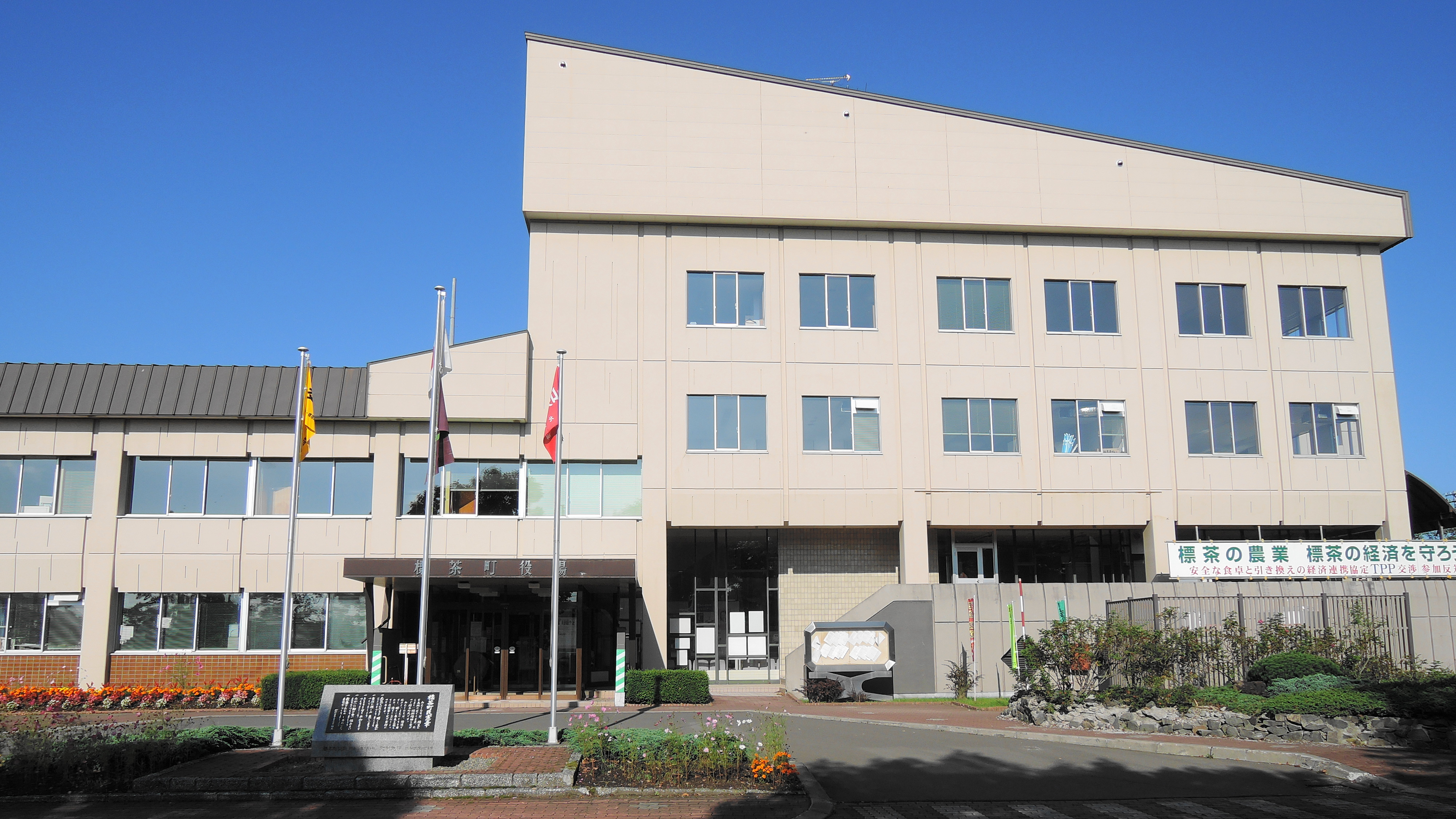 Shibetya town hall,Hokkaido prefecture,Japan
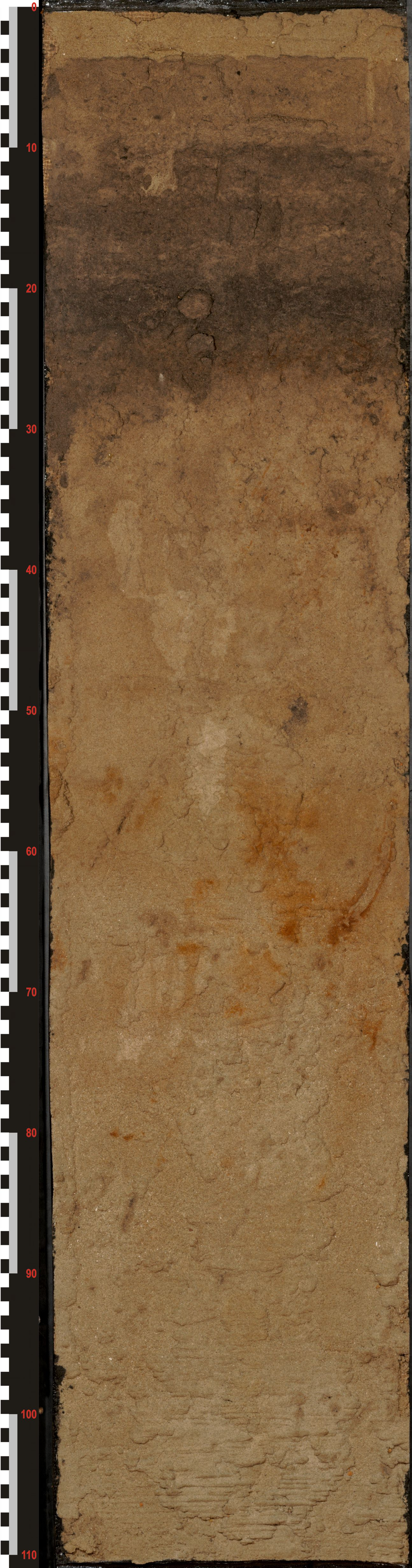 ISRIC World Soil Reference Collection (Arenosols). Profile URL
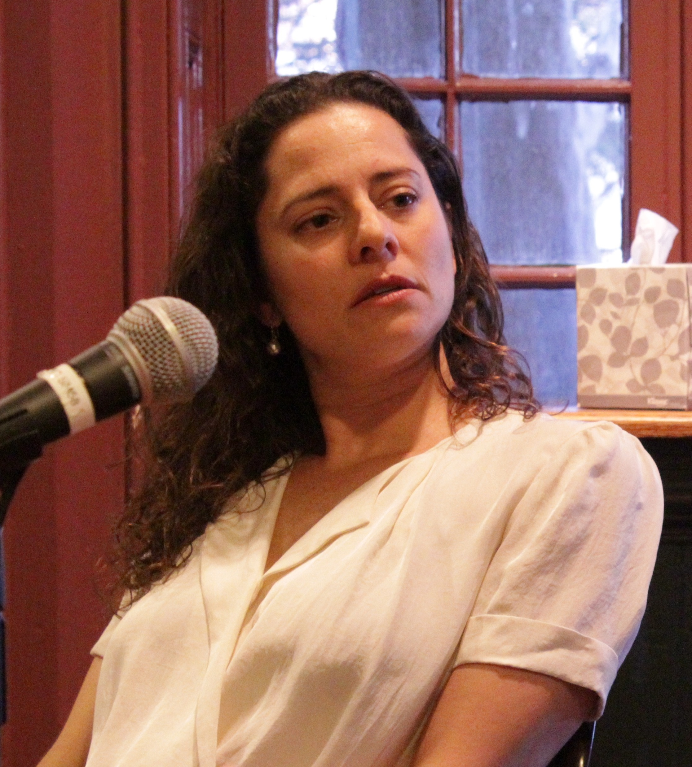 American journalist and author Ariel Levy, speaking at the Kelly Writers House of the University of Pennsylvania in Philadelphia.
+++
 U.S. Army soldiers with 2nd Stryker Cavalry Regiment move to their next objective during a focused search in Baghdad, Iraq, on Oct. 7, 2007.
+++
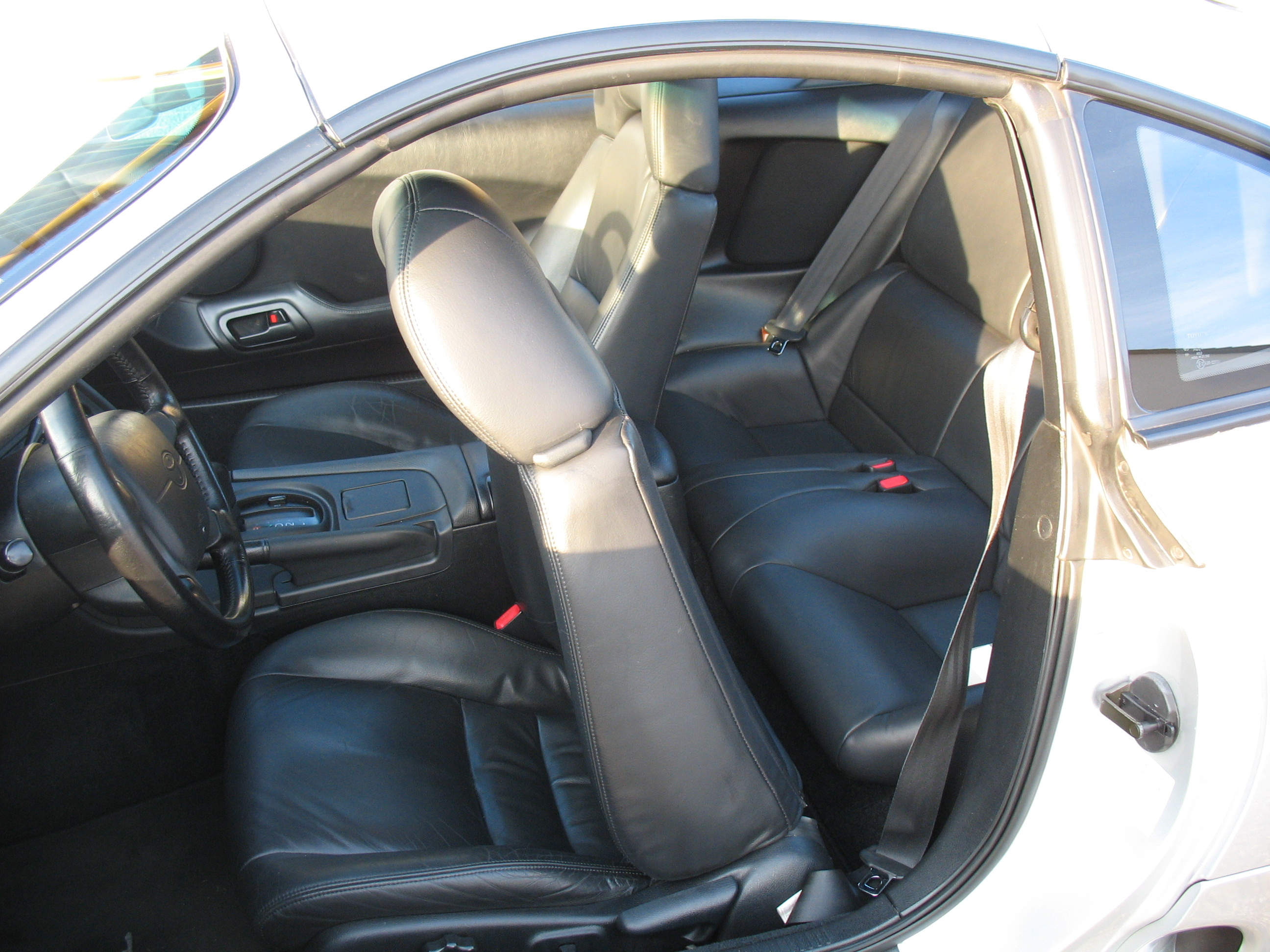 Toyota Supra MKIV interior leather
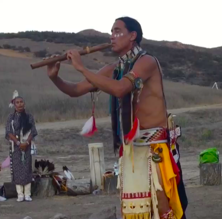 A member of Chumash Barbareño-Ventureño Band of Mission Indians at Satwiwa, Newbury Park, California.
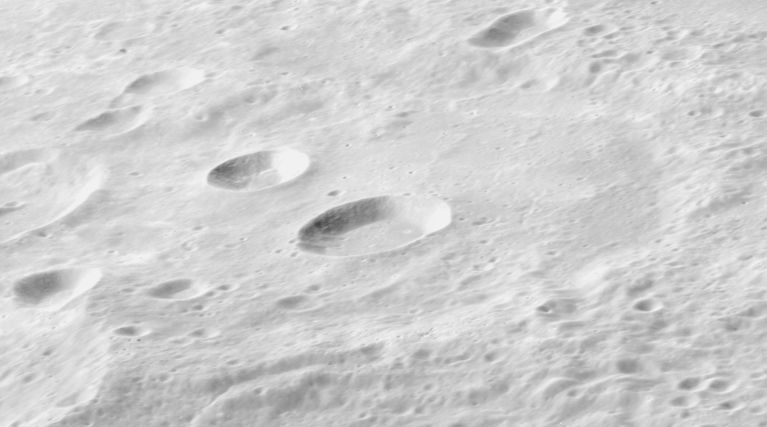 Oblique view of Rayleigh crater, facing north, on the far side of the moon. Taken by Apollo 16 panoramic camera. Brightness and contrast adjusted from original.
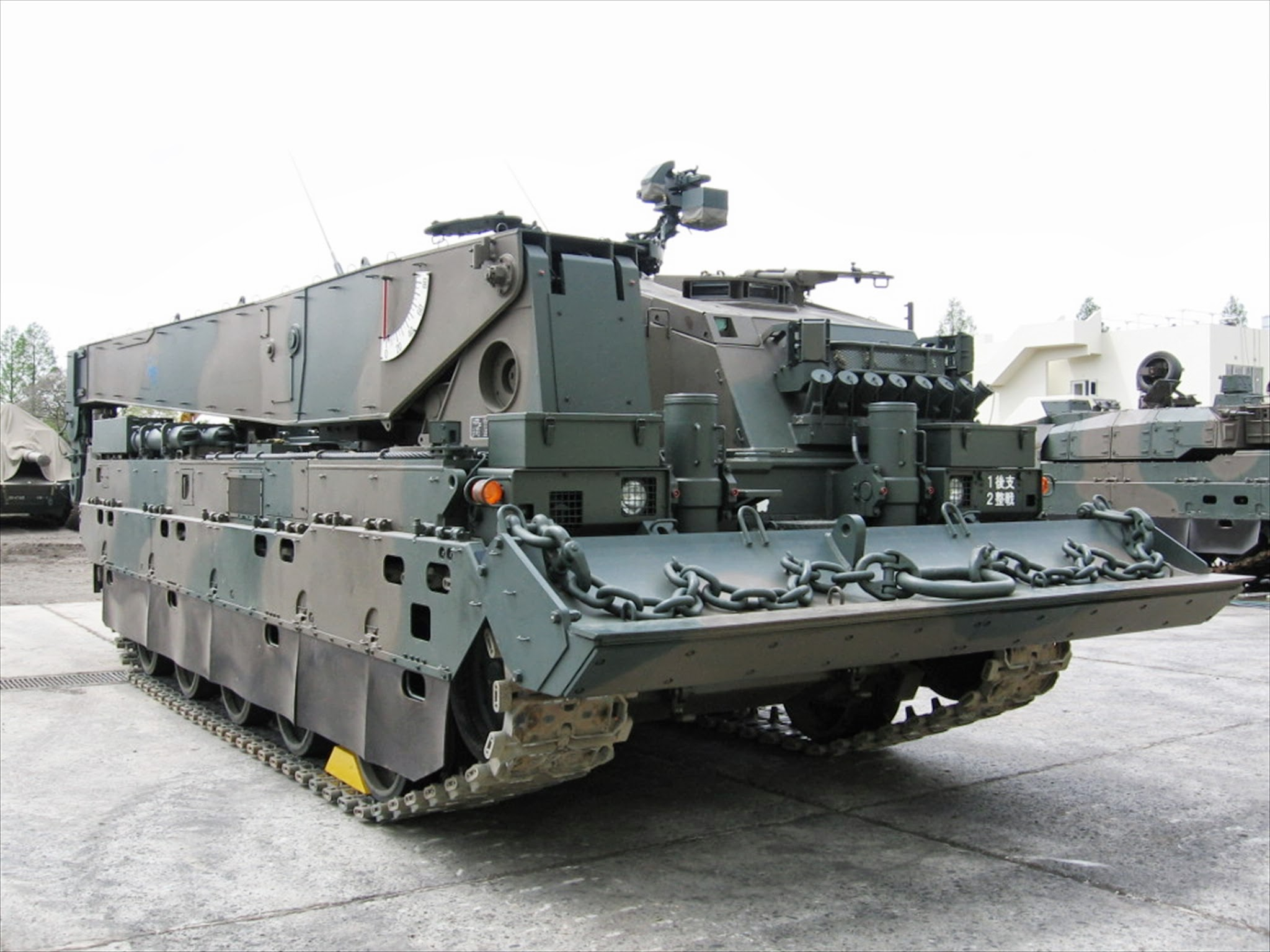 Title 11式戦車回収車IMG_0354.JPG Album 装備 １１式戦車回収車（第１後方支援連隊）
+++
Only the lines of the listing above from the one with "Shibetya town hall,Hokkaido prefecture,Japan" through the one with "American journalist and" should be output, exactly, with both ends kept and pictures left out.

 Shibetya town hall,Hokkaido prefecture,Japan
 ISRIC World Soil Reference Collection (Arenosols). Profile URL
 American journalist and author Ariel Levy, speaking at the Kelly Writers House of the University of Pennsylvania in Philadelphia.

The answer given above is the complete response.